§ Goal of the exercise: Quote exactly and only this range of lines in the data below: the line that holds "chevalière carrée avec" to the line that holds "Jonna Sundlingová ze", both included.

§ Task data:
■ ■ ■ ■ ■

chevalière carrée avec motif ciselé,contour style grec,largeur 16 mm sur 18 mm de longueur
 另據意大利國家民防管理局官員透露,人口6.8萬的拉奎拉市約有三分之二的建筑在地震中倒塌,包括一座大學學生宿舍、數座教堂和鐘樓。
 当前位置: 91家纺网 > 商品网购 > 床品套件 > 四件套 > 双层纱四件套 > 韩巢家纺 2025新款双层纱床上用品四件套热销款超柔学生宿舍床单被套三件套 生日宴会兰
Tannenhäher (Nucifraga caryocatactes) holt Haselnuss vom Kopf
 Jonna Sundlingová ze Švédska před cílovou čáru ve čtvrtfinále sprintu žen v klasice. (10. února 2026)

■ ■ ■ ■ ■

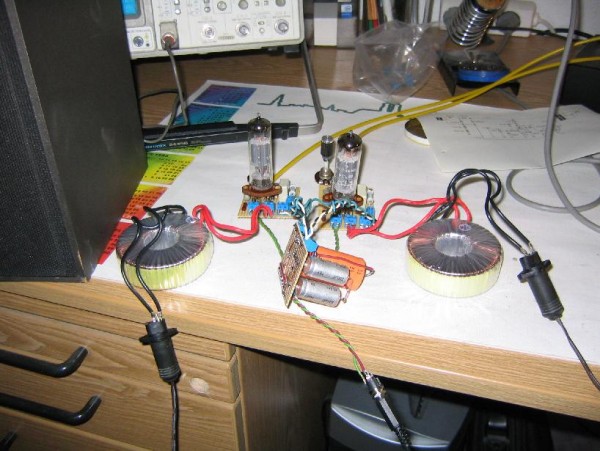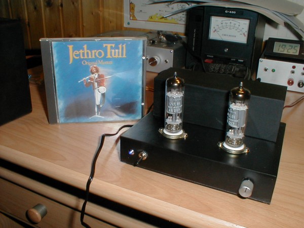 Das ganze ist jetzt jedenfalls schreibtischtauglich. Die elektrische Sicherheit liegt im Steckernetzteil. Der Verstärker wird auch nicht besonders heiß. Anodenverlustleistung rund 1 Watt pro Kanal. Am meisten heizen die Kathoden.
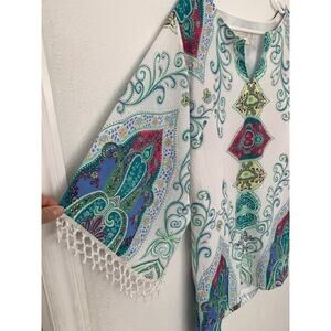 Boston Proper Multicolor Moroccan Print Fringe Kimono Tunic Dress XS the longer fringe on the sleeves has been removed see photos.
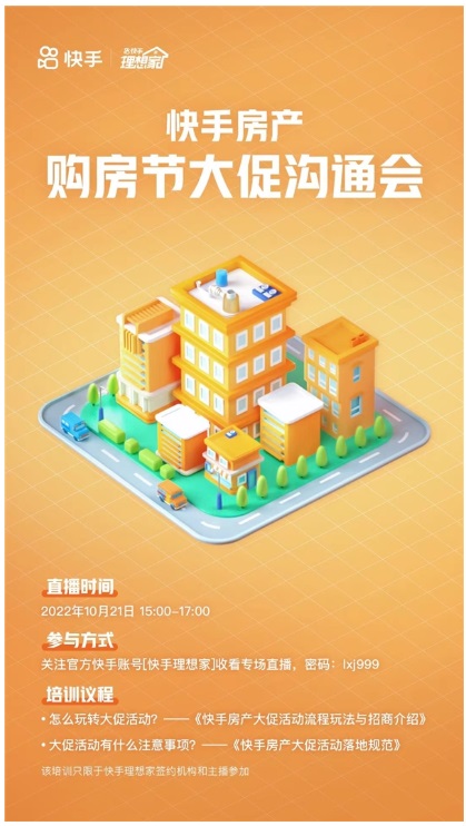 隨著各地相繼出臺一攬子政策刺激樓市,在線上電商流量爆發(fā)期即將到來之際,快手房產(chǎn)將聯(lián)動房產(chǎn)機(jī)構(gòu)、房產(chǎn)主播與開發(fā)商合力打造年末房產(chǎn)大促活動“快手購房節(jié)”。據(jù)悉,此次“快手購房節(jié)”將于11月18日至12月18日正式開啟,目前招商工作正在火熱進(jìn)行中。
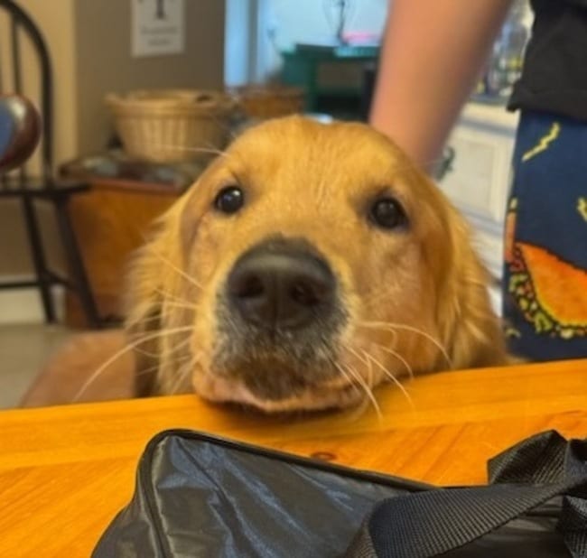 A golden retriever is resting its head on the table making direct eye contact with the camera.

■ ■ ■ ■ ■

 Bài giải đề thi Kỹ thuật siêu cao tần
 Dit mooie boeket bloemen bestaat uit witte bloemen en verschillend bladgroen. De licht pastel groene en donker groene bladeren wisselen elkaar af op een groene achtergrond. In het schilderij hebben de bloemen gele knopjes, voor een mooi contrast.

■ ■ ■ ■ ■

§ Completed exercise:
chevalière carrée avec motif ciselé,contour style grec,largeur 16 mm sur 18 mm de longueur
 另據意大利國家民防管理局官員透露,人口6.8萬的拉奎拉市約有三分之二的建筑在地震中倒塌,包括一座大學學生宿舍、數座教堂和鐘樓。
 当前位置: 91家纺网 > 商品网购 > 床品套件 > 四件套 > 双层纱四件套 > 韩巢家纺 2025新款双层纱床上用品四件套热销款超柔学生宿舍床单被套三件套 生日宴会兰
Tannenhäher (Nucifraga caryocatactes) holt Haselnuss vom Kopf
 Jonna Sundlingová ze Švédska před cílovou čáru ve čtvrtfinále sprintu žen v klasice. (10. února 2026)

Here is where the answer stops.